Proper selection of protein structures becomes an important factor in accurate protein structure prediction. The selection is completed through scoring functions that combine certain features to provide indicators of protein structure quality. However, current scoring functions do not consistently select the best structures. Deep learning offers great potential to improve protein scoring by using sets of annotated structures and understanding the relations between the features and structure quality. We expect that this approach will help determine other features that may produce better scoring functions.

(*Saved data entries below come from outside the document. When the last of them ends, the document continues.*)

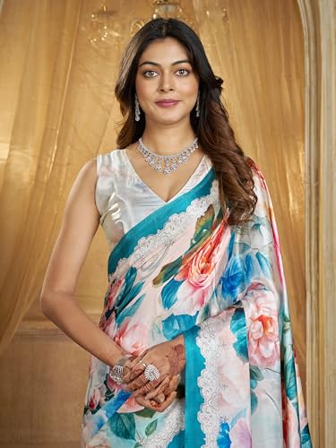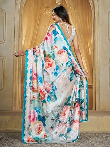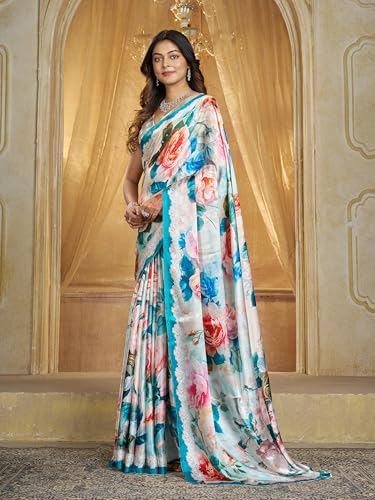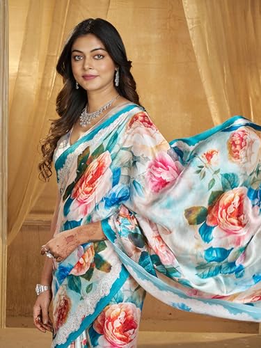Garden Vareli Gajji Silk Floral Printed Saree with Blouse Piece 0PS016 – TEAL
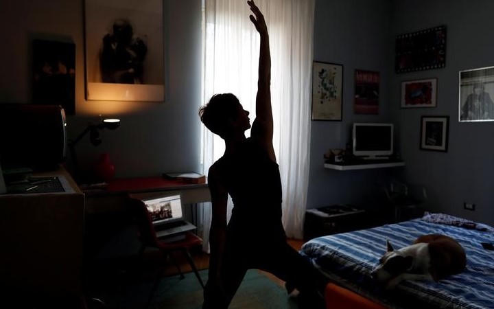 Huấn luyện viên thể dục Antonietta Orsini hướng dẫn tập thể dục cho hàng xóm của mình từ ban công của cô ở Rome, Ý.
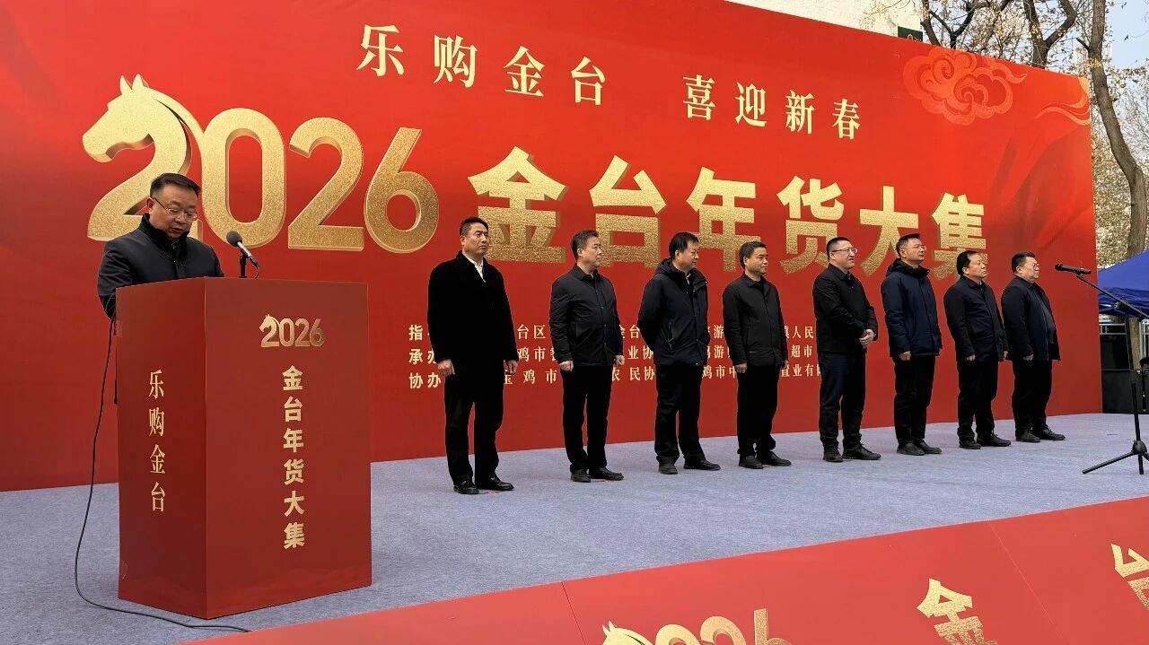 2月4日,2026“乐购金台 喜迎新春”金台年货大集在万通国际广场启动,同步拉开全区新春系列促消费活动的序幕。本次活动由区商务局、区文化和旅游局、陈仓镇人民政府联合主办,区委副书记闫启东宣布活动启动,副区长汪午强致辞,市商务局副局长朱晓华、区人大常委会副主任柏立新、区政协副主席王荣生参加活动,区商务局局长王玉良主持活动,区商务局、区文旅局相关负责人分别就系列促销活动、春节文化活动安排进行介绍。
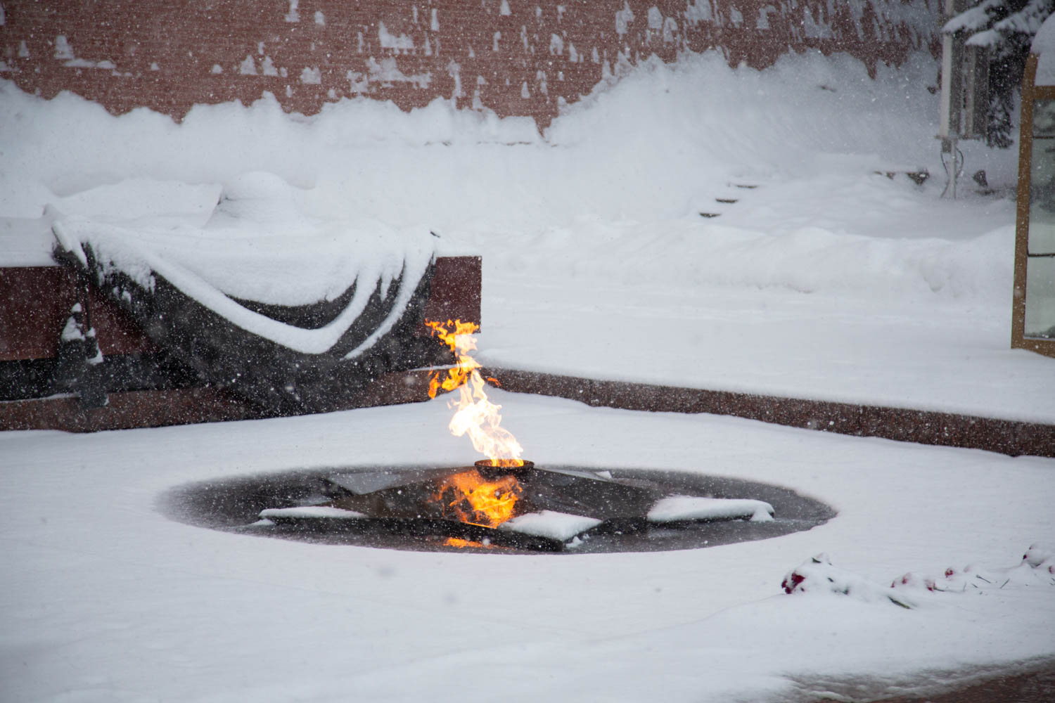 В Ленинградской области двое школьников засыпали снегом Вечный огонь, их задержали.
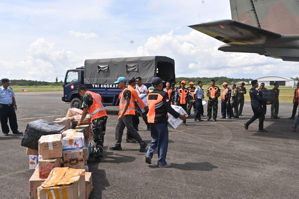 Bantuan tersebut diberangkatkan menggunakan pesawat CN-295 tail number A-2903 dari Lanud Raden Sadjad, Jumat (5/12), setelah seluruh barang dihimpun dan dikemas oleh petugas di lapangan.
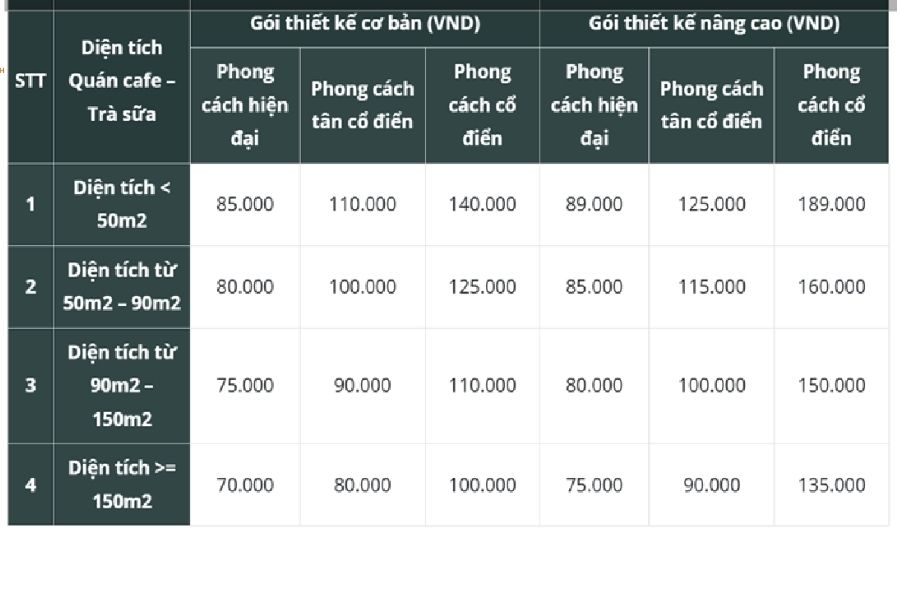 Giá thiết kế quán cafe tùy thuộc vào diện tích và phong cách quán.

This article is based on a minisymposium talk entitled "A Deep Learning Approach to Protein Structure Classification and Prediction," which took place at the 2019 SIAM Conference on Computational Science and Engineering, held in Spokane, Wash., earlier this year.

References
[1] de Jesus, D.R., Cuevas, J., Rivera, W., & Crivelli, S. (2018). Capsule Networks for Protein Structure Classification. In 2018 ACM/IEEE Supercomputing Conference. Dallas, TX.
[2] Dill, K.A., & MacCallum, J.L. (2012). The protein folding problem, 50 years on. Science, 338(6110), 1042-1046.
[3] McCormick, F. (2015). KRAS as a Therapeutic Target. Clin. Cancer Res., 21(8), 1797-1801.
[4] Sabour, S., Frosst, N., & Hinton, G.E. (2017). Dynamic Routing Between Capsules. In Advances in Neural Information Processing Systems 30 (NIPS2017). Long Beach, CA.
[5] Schaffausen, J. (2012). Advances in structure-based drug design. Trends Pharmacol. Sci., 33(5), 223.

Wilson Rivera is a professor of computer science and engineering at the University of Puerto Rico, Mayagüez Campus. His research interests include parallel computing, cloud computing, and big data analytics. Rivera has authored more than 30 papers in a broad range of fields, including parallel computing, genetic algorithms, optimization, and machine learning.

Silvia Crivelli is a computational biology scientist at Lawrence Berkeley National Laboratory where she has conducted research in protein structure prediction and protein scoring. She created and led the WeFold collaborative project to tackle roadblocks in the field. Crivelli is a long-standing member of the Critical Assessment of Protein Structure Prediction community and a pioneer in building and running open collaborative efforts within this group. She led efforts to develop two highly innovative molecular modeling tools: ProteinShop and DockingShop. Crivelli has authored more than 30 papers in a broad range of STEM fields including parallel computing, molecular visualization, optimization, mathematical modeling, and machine learning.